- [Required action]
Write out the data below in full, unchanged, minus the images.

- [Dataset extract]
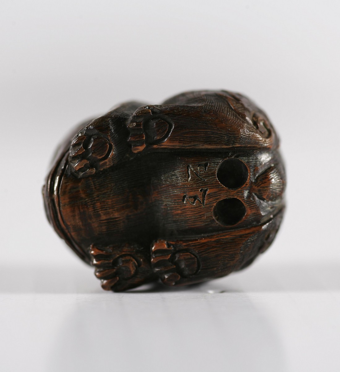 MANIFATTURA GIAPPONESE DEL XIX SECOLO Netsuké raffigurante un drago accovacciato. Legno scolpito. Cm 3,50 x 3,00 x 3,00.
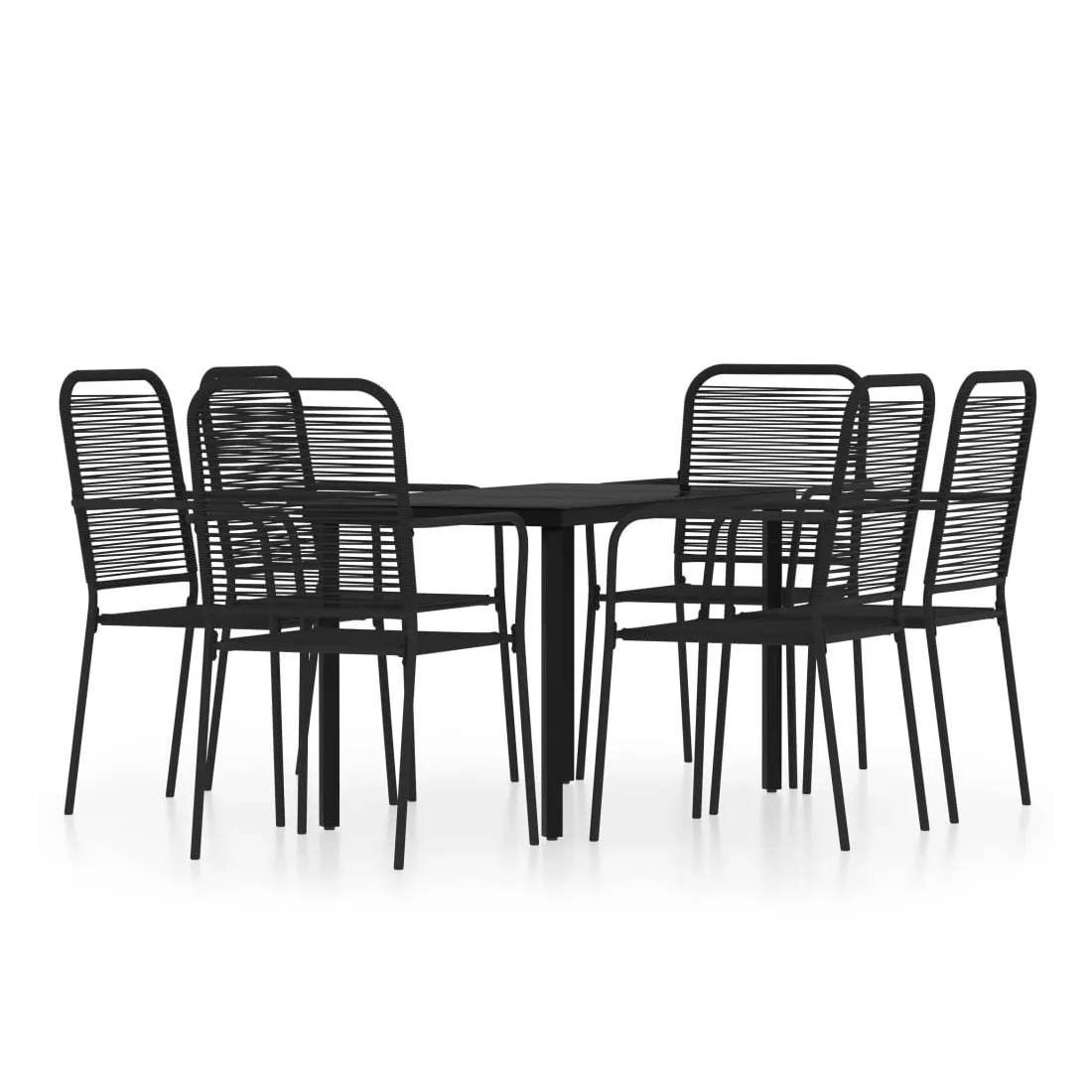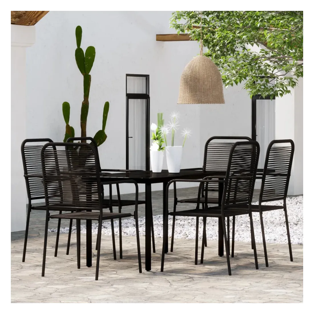 Cet ensemble de meubles de salle à manger tendance au design élégant et aux lignes épurées est un excellent choix pour votre jardin, patio, terrasse, cuisine et même salle à manger. L'élégance simpliste de cet ensemble de salle à manger rend votre dîner quotidien spécial. Cet ensemble de salle à manger de jardin dispose d’un cadre en acier enduit de poudre qui rend la table et les chaises stables et durables. Le dossier et le siège sont fabriqués en corde de coton torsadée, qui est douce au toucher et robuste pour une utilisation à long terme. De plus, la table est dotée d'un dessus en verre trempé, facile à nettoyer avec un chiffon humide et parfait pour placer des repas, des boissons et d'autres objets décoratifs. Remarque : afin de prolonger la durée de vie des meubles d'extérieur,
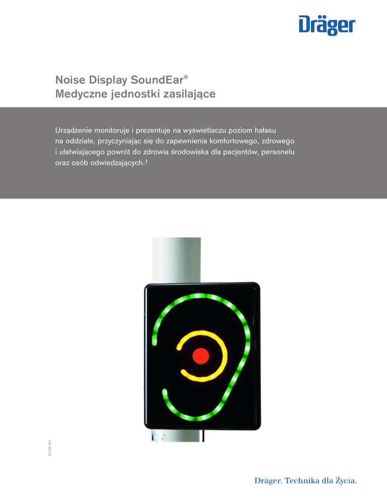 Noise Display SoundEar® Medyczne jednostki zasilające D-1322-2011 Urządzenie monitoruje i prezentuje na wyświetlaczu poziom hałasu na oddziale, przyczyniając się do zapewnienia komfortowego, zdrowego i ułatwiającego powrót do zdrowia środowiska dla pacjentów, personelu oraz osób odwiedzających.1 02 | Noise Display SoundEar® Zalety Problem hałasu Ludzkie ucho odbiera hałasy w tle przez cały czas, co może prowadzić do utraty zdolności obiektywnej oceny poziomu hałasu. W rzeczywistości poziom hałasu ma tendencje do zwiększania się w ciągu dnia. Urządzenie Noise Display mierzy i wyświetla aktualny poziom hałasu na oddziale, dostarczając w ten sposób cennych informacji, które pomagają rozpoznać i kontrolować nadmierny poziom hałasu. Wizualizacja dźwięku Noise Display prezentuje poziomy hałasu przy użyciu kolorowej sygnalizacji: kolor zielony oznacza, że poziom hałasu mieści się w dopuszczalnych granicach, natomiast żółty i czerwony oznaczają potencjalnie szkodliwy poziom hałasu. Czytelny wyświetlacz prezentuje obiektywne informacje, wskazując kiedy personel medyczny powinien zmniejszyć hałas do właściwego poziomu. Mniej stresu dla wszystkich Nadmierny hałas może powodować niepotrzebny stres dla pacjentów i zmniejszyć efektywność pracy personelu2. Badania wykazały, że ten stres może mieć bardzo istotny wpływ na samopoczucie3,4. Mózg przeznacza dużo energii na odfiltrowywanie niepożądanych bodźców, dlatego większości ludzi łatwiej jest skoncentrować się i odpoczywać w cichym otoczeniu5. Noise Display może pomóc w lepszym wykorzystaniu tej energii. Widoczne skupienie się na dobrym samopoczuciu pacjenta Osoby odwiedzające szybko docenią urządzenie Noise Display jako Twój znaczący wkład w zapewnienie pełnego komfortu i najwyższego poziomu opieki pacjentom. To oczywisty znak, że robisz wszystko, aby pacjenci, personel i odwiedzający czuli się jak najlepiej. Hospital Noise — Levels and Potential Health Hazards. S. Falk et al.; N Engl J Med 1973; 289:774-781 October 11, 1973 2 Nurses‘ Perception of Noise Levels in Hospitals in Spain Marqués Sánchez, M del Pilar et al.; Journal of Nursing Administration, May 2008 – Volume 38 – Issue 5 – pp 220-222 3 Hospital Noise — Levels and Potential Health Hazards. S. Falk et al.; N Engl J Med 1973; 289:774-781 October 11, 1973 4 Noise pollution in the operating theatre B. Hodge et al.; The Lancet, Volume 335, Issue 8694, 14 April 1990, Pages 891-894 5 How does background noise affect our concentration? M. Andrews; Scientific American Mind, January Issue 2010 1 Noise Display SoundEar® | 03 Powiązane produkty Opcje oświetlenia D-1402-2011 Polepsz atmosferę na oddziale intensywnej terapii, z korzyścią dla pacjentów, personelu i osób odwiedzających, poprzez wybór opcji oświetlenia dla sufitowych jednostek zasilających. Zintegrowany system do podnoszenia pacjentów D-1348-2011 Ekonomiczny system do podnoszenia pacjentów, zamontowany do jednostki zasilającej, pozwala usprawnić pracę i obniżyć poziom ryzyka dla wszystkich zaangażowanych osób, poprawiając jednocześnie jakość opieki nad pacjentami. Dräger Pendula® D-57963-2012 Sufitowy uchwyt do mocowania zestawu monitorów dla dopasowanego i ergonomicznego stanowiska pracy oraz łatwego i bezpiecznego pozycjonowania monitorów w hybrydowych salach operacyjnych. Dane techniczne WERSJA ZE ZINTEGROWANYM ZASILACZEM ZAINSTALOWANYM NA WYSIĘGNIKU JEDNOSTKI ZASILAJĄCEJ Masa 1,5 kg Napięcie 24 V DC Wymiary (S x W x G) 265 x 205 x 46 mm Uchwyt rury dystansującej Masa 1,9 kg Wymiary (S x W) 178 x 100 mm WERSJA DO ROZBUDOWY (Z ZASILACZEM WTYKOWYM) Masa Napięcie 1,5 kg 24 V DC Z zasilaczem wtykowym Wtyczka euro CEE7/16 USA plug NEMA 1-15 UK plug BS1363 Australia plug AS3112 IEC plug DIN EN60320 Informacje zamówieniowe Wersja do rozbudowy G24925 Noise Display SoundEar® Zasilacz wtykowy G24926 Zintegrowane rozwiązania dostępne podczas konfiguracji kolumny. CENTRALA Drägerwerk AG & Co. KGaA Moislinger Allee 53–55 23558 Lubeka, Niemcy www.draeger.com Producent: SoundEar A/S Strandboulevarden 164, 2100 Copenhagen Denmark Znajdź lokalnego przedstawiciela handlowego na stronie: www.draeger.com/kontakt POLSKA Dräger Polska Sp. z o.o. ul. Sułkowskiego 18a 85 - 655 Bydgoszcz Tel +48 52 346 14-33 (-34, -35) Fax +48 52 346 14-37 [email protected] G24926 90 69 293 | 16-02-1 | Communications & Sales Marketing | PP | LE | Nie zawiera chloru – spełnia warunki ochrony środowiska | Zastrzegamy prawo zmian | © 2016 Drägerwerk AG & Co. KGaA 04 | Noise Display SoundEar®
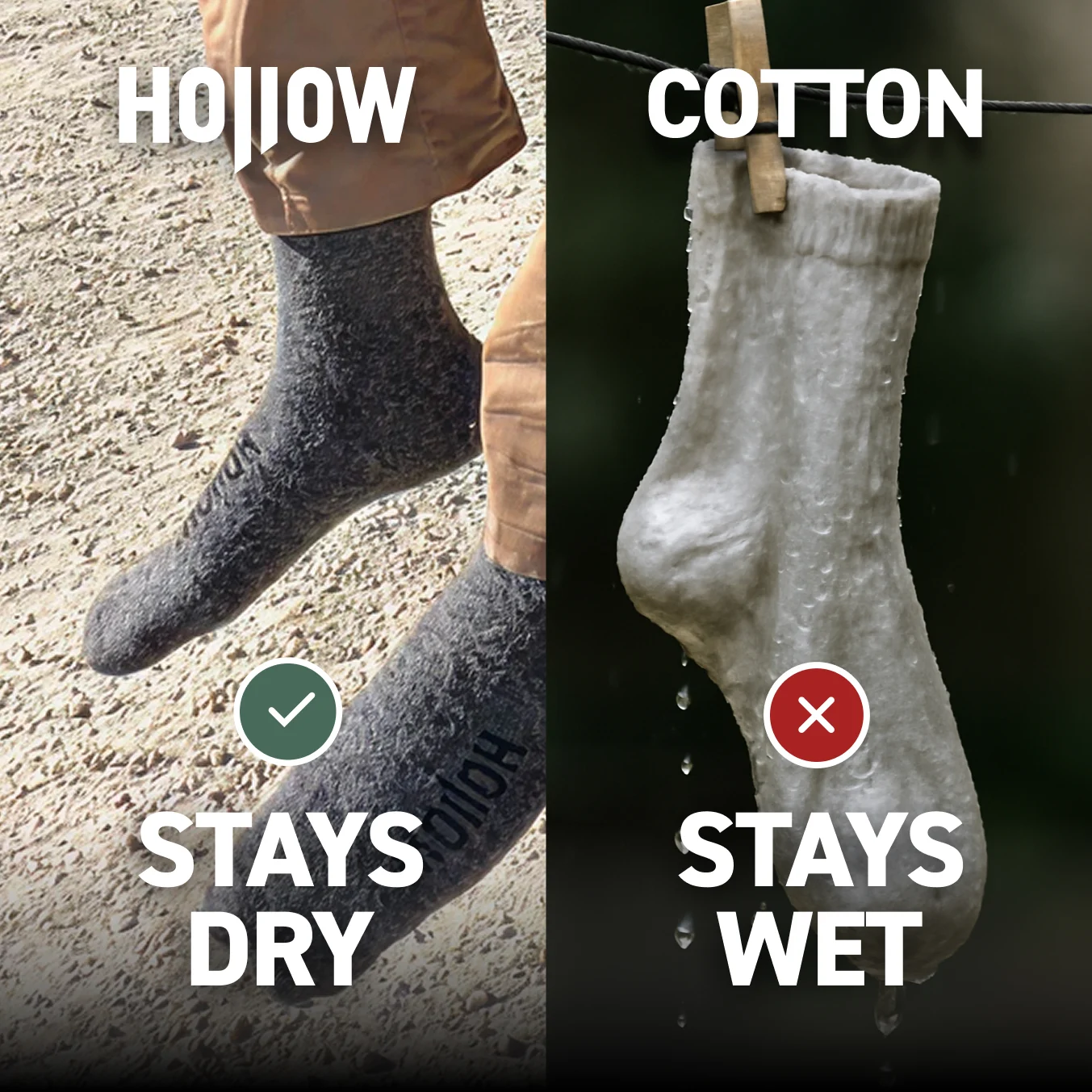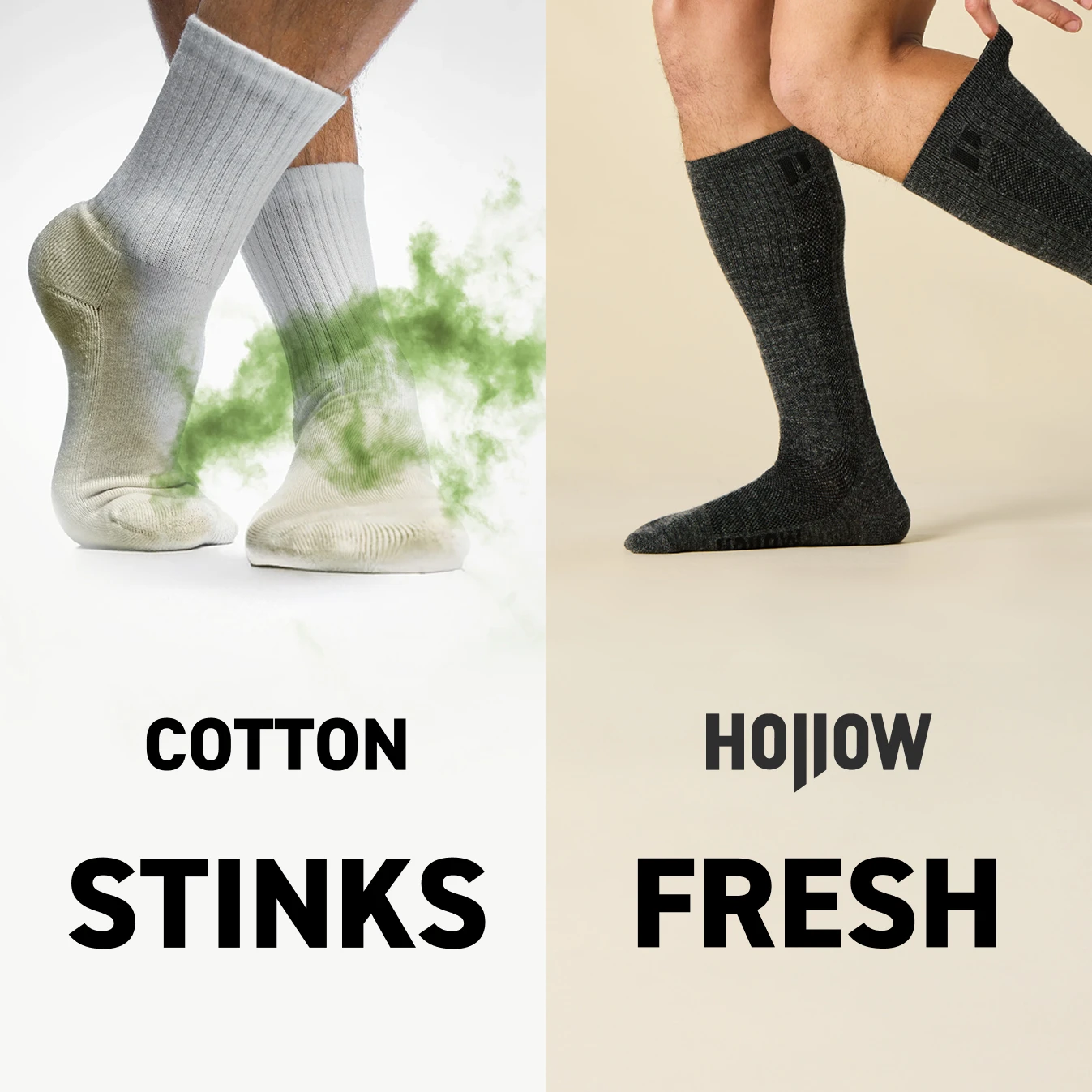 Stop buying 6-packs that fall apart after a month. One pair of Hollows outlasts 10 pairs of drugstore socks. Better materials, better construction, better value.

- [Answer below]
 MANIFATTURA GIAPPONESE DEL XIX SECOLO Netsuké raffigurante un drago accovacciato. Legno scolpito. Cm 3,50 x 3,00 x 3,00.
 Cet ensemble de meubles de salle à manger tendance au design élégant et aux lignes épurées est un excellent choix pour votre jardin, patio, terrasse, cuisine et même salle à manger. L'élégance simpliste de cet ensemble de salle à manger rend votre dîner quotidien spécial. Cet ensemble de salle à manger de jardin dispose d’un cadre en acier enduit de poudre qui rend la table et les chaises stables et durables. Le dossier et le siège sont fabriqués en corde de coton torsadée, qui est douce au toucher et robuste pour une utilisation à long terme. De plus, la table est dotée d'un dessus en verre trempé, facile à nettoyer avec un chiffon humide et parfait pour placer des repas, des boissons et d'autres objets décoratifs. Remarque : afin de prolonger la durée de vie des meubles d'extérieur,
 Noise Display SoundEar® Medyczne jednostki zasilające D-1322-2011 Urządzenie monitoruje i prezentuje na wyświetlaczu poziom hałasu na oddziale, przyczyniając się do zapewnienia komfortowego, zdrowego i ułatwiającego powrót do zdrowia środowiska dla pacjentów, personelu oraz osób odwiedzających.1 02 | Noise Display SoundEar® Zalety Problem hałasu Ludzkie ucho odbiera hałasy w tle przez cały czas, co może prowadzić do utraty zdolności obiektywnej oceny poziomu hałasu. W rzeczywistości poziom hałasu ma tendencje do zwiększania się w ciągu dnia. Urządzenie Noise Display mierzy i wyświetla aktualny poziom hałasu na oddziale, dostarczając w ten sposób cennych informacji, które pomagają rozpoznać i kontrolować nadmierny poziom hałasu. Wizualizacja dźwięku Noise Display prezentuje poziomy hałasu przy użyciu kolorowej sygnalizacji: kolor zielony oznacza, że poziom hałasu mieści się w dopuszczalnych granicach, natomiast żółty i czerwony oznaczają potencjalnie szkodliwy poziom hałasu. Czytelny wyświetlacz prezentuje obiektywne informacje, wskazując kiedy personel medyczny powinien zmniejszyć hałas do właściwego poziomu. Mniej stresu dla wszystkich Nadmierny hałas może powodować niepotrzebny stres dla pacjentów i zmniejszyć efektywność pracy personelu2. Badania wykazały, że ten stres może mieć bardzo istotny wpływ na samopoczucie3,4. Mózg przeznacza dużo energii na odfiltrowywanie niepożądanych bodźców, dlatego większości ludzi łatwiej jest skoncentrować się i odpoczywać w cichym otoczeniu5. Noise Display może pomóc w lepszym wykorzystaniu tej energii. Widoczne skupienie się na dobrym samopoczuciu pacjenta Osoby odwiedzające szybko docenią urządzenie Noise Display jako Twój znaczący wkład w zapewnienie pełnego komfortu i najwyższego poziomu opieki pacjentom. To oczywisty znak, że robisz wszystko, aby pacjenci, personel i odwiedzający czuli się jak najlepiej. Hospital Noise — Levels and Potential Health Hazards. S. Falk et al.; N Engl J Med 1973; 289:774-781 October 11, 1973 2 Nurses‘ Perception of Noise Levels in Hospitals in Spain Marqués Sánchez, M del Pilar et al.; Journal of Nursing Administration, May 2008 – Volume 38 – Issue 5 – pp 220-222 3 Hospital Noise — Levels and Potential Health Hazards. S. Falk et al.; N Engl J Med 1973; 289:774-781 October 11, 1973 4 Noise pollution in the operating theatre B. Hodge et al.; The Lancet, Volume 335, Issue 8694, 14 April 1990, Pages 891-894 5 How does background noise affect our concentration? M. Andrews; Scientific American Mind, January Issue 2010 1 Noise Display SoundEar® | 03 Powiązane produkty Opcje oświetlenia D-1402-2011 Polepsz atmosferę na oddziale intensywnej terapii, z korzyścią dla pacjentów, personelu i osób odwiedzających, poprzez wybór opcji oświetlenia dla sufitowych jednostek zasilających. Zintegrowany system do podnoszenia pacjentów D-1348-2011 Ekonomiczny system do podnoszenia pacjentów, zamontowany do jednostki zasilającej, pozwala usprawnić pracę i obniżyć poziom ryzyka dla wszystkich zaangażowanych osób, poprawiając jednocześnie jakość opieki nad pacjentami. Dräger Pendula® D-57963-2012 Sufitowy uchwyt do mocowania zestawu monitorów dla dopasowanego i ergonomicznego stanowiska pracy oraz łatwego i bezpiecznego pozycjonowania monitorów w hybrydowych salach operacyjnych. Dane techniczne WERSJA ZE ZINTEGROWANYM ZASILACZEM ZAINSTALOWANYM NA WYSIĘGNIKU JEDNOSTKI ZASILAJĄCEJ Masa 1,5 kg Napięcie 24 V DC Wymiary (S x W x G) 265 x 205 x 46 mm Uchwyt rury dystansującej Masa 1,9 kg Wymiary (S x W) 178 x 100 mm WERSJA DO ROZBUDOWY (Z ZASILACZEM WTYKOWYM) Masa Napięcie 1,5 kg 24 V DC Z zasilaczem wtykowym Wtyczka euro CEE7/16 USA plug NEMA 1-15 UK plug BS1363 Australia plug AS3112 IEC plug DIN EN60320 Informacje zamówieniowe Wersja do rozbudowy G24925 Noise Display SoundEar® Zasilacz wtykowy G24926 Zintegrowane rozwiązania dostępne podczas konfiguracji kolumny. CENTRALA Drägerwerk AG & Co. KGaA Moislinger Allee 53–55 23558 Lubeka, Niemcy www.draeger.com Producent: SoundEar A/S Strandboulevarden 164, 2100 Copenhagen Denmark Znajdź lokalnego przedstawiciela handlowego na stronie: www.draeger.com/kontakt POLSKA Dräger Polska Sp. z o.o. ul. Sułkowskiego 18a 85 - 655 Bydgoszcz Tel +48 52 346 14-33 (-34, -35) Fax +48 52 346 14-37 [email protected] G24926 90 69 293 | 16-02-1 | Communications & Sales Marketing | PP | LE | Nie zawiera chloru – spełnia warunki ochrony środowiska | Zastrzegamy prawo zmian | © 2016 Drägerwerk AG & Co. KGaA 04 | Noise Display SoundEar®
 Stop buying 6-packs that fall apart after a month. One pair of Hollows outlasts 10 pairs of drugstore socks. Better materials, better construction, better value.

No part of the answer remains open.